HELL’S DITCH is the epic you always knew Bestwick had inside him; you just had to wait, ravenous, for it to hit the page. Well, it’s here. And just like the characters between the covers its hit the ground running. When you see the landscape that’s all that’s left of Britain (and the rest of the world, you’re left to wonder?) after the War that many of the unfortunates trying just to survive in the ruins are too young to even remember, you will well understand the phrase “running for your life.” Except that many of these people — and some not-quite people — are running for other peoples’ life and to defeat a great evil that threatens to take away what miserable existence they have left.
Enter Helen. Helen Damnation.
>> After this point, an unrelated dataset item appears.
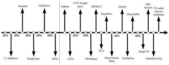 Since deep learning technology entered the field of video stabilization in 2018, digital video stabilization methods have shown a trend of diversification. Compared with traditional methods, these methods, while dealing with video jitter, adopt different training strategies to reduce the possible distortion and cropping problems during the stabilization process. More importantly, the speed advantage brought about by deep learning makes online video stabilization possible. Figure 5 shows various digital video stabilization methods mentioned in this paper in chronological order. The part before the dotted line represents traditional video stabilization technologies, while the part after the dotted line demonstrates new video stabilization methods based on deep learning.

A proper walking corpse virtual everyone would say. Everyone else in the world who ever heard of Helen believes she is long dead, That might well turn out to be a fatal assumption, because Helen is coming back with a purpose, a laser focus on a single mission. She probably will die carrying out the plan and she will get others killed, but that can’t be helped. She has returned from the grave after five years to gather her astonished allies to follow her on this suicide mission. Along the way, they receive the unexpected and unnerving help of the well-named Gevaudan Shoal, who was once–
You know what? I’ll leave you to discover all there is to know about Gevaudan, although I think there is more to learn down the Black Road.
Fighting on the other side (unless you, too, are a sociopath, but to everyone their hobbies, I guess) is Commander Tereus Winterborn and his loyal Reapers. Reapers trained to eliminate any threat to, well, the Reapers and the high command, and no order too barbaric to carry out with relish. That’s what happens when you stop thinking of the “enemy” as people and start seeing them as animals and scum. Easy to torture and wipe out scum, right. If the Reapers seem a nauseous bunch, wait until you meet Jarrett and her JennyWrens. Throw in the thoroughly delusional Dr. Mordake and his terrifying Project Tindalos and you would think all the sane people would actually be running in the opposite direction and take their chances in the Channel. Or the Atlantic.
I’m not going to kid you: HELL’S DITCH is one tense read. Some of you may want to leave the light on all night. Maybe not read it while you’re eating, or right after you eat. There is loyalty, bravery, self-sacrifice, tenderness, and loss. And some of the best writing on the planet, but you were expecting that if you’ve ever read Bestwick’s work. Aaannnddd, there is also violence, gory imagery, that kind of language, sexuality, and reference to torture. The very thing you don’t want your teenagers reading and the very thing you should buy them…things aren’t looking good for us right now and they might be the ones to make some tough decisions.